--- THE TASK ---
Using the entries below, restate word for word only the lines from the one with "LA | 10 Skins" to the final line, leaving the pictures out.

--- RECORDS TO PROCESS ---

=-=-=

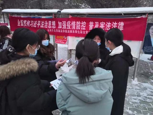 为了提升公民的宪法意识,使大学生更好地学习宪法相关知识,法律系师生联合党支部携手William Hill中文研究生会于12月4日当天,在William Hill中文楼前开展题为“全面贯彻习近平法治思想 加强疫情防控 普及宪法法律”的宣传活动。20多名研究生参与宪法宣传,当面向路过学生发放宪法常识宣传册300余份,当场接受文学艺术学院、理学院、经管学院等100余名学生的法律咨询。当天虽然寒气阵阵,但是现场暖意融融。
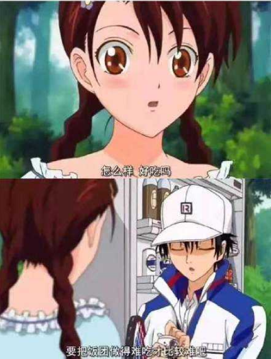 最后再来看一下网球王子,人家女生请你吃饭团,你竟然来一句做得难吃才比较难?你让我家附近卖饭团的怎么好意思啊,我上次买的饭团味道就不怎么样,果然从国外回来的龙马就是不一样啊!
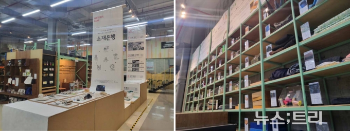 지하 1층은 각종 소재들이 차곡차곡 정리돼 있는 소재은행이 있다. 밀알복지재단 굿윌스토어와 협업해 수거한 목재, 플라스틱, 원단, 의류 등 소재들이 보관돼 있다. 시민 누구나 이용할 수 있다. 관계자는 "주로 대학생들이 과제작품 제작을 위해 이곳에서 소재를 구입한다"면서 "외국인들도 많이 이용하고 있다"고 말했다. 소재는 1층에서 체험활동을 하면 받을 수 있는 코인으로도 교환할 수 있다.
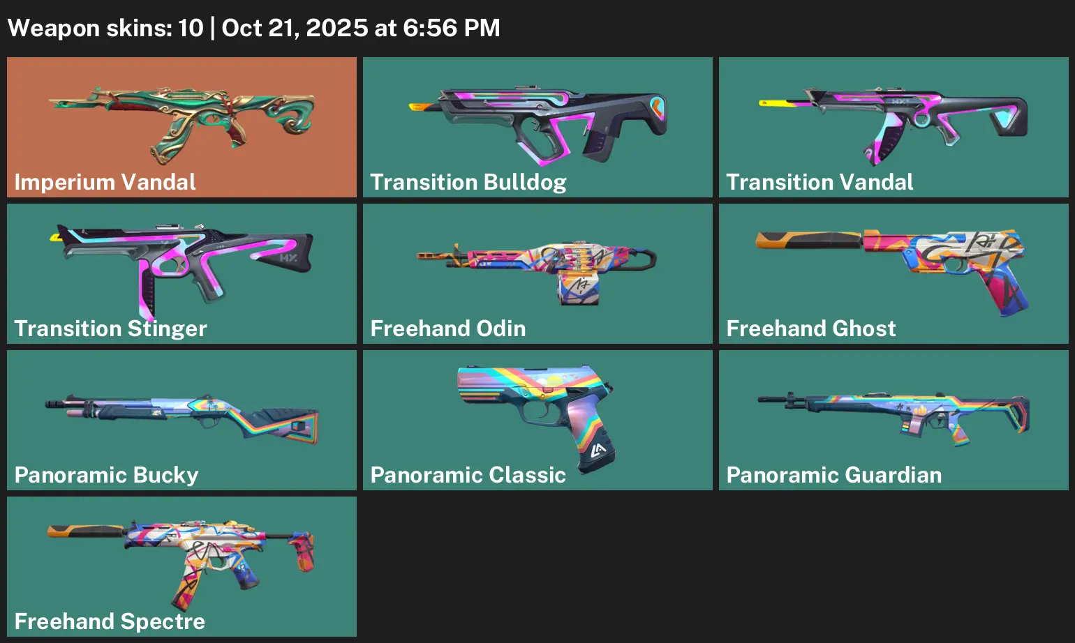 LA | 10 Skins | exp BRONZE 2 | Imperium Vandal | Transition Vandal | Freehand Ghost | Panoramic Classic | Transition Bulldog | S4G
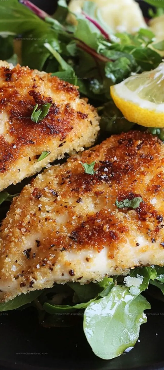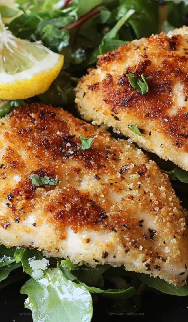 - Finish and Plate: Toss baby salad greens with lemon vinaigrette, then artfully arrange chicken on individual plates. Crown each breast with dressed greens and sprinkle with additional Parmesan cheese for an elegant presentation.
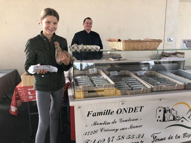 We spoke to the farmer briefly and bought three logs of Saint-Maure de Touraine.

=-=-=

--- PROBLEM SOLUTION ---
 LA | 10 Skins | exp BRONZE 2 | Imperium Vandal | Transition Vandal | Freehand Ghost | Panoramic Classic | Transition Bulldog | S4G
 - Finish and Plate: Toss baby salad greens with lemon vinaigrette, then artfully arrange chicken on individual plates. Crown each breast with dressed greens and sprinkle with additional Parmesan cheese for an elegant presentation.
 We spoke to the farmer briefly and bought three logs of Saint-Maure de Touraine.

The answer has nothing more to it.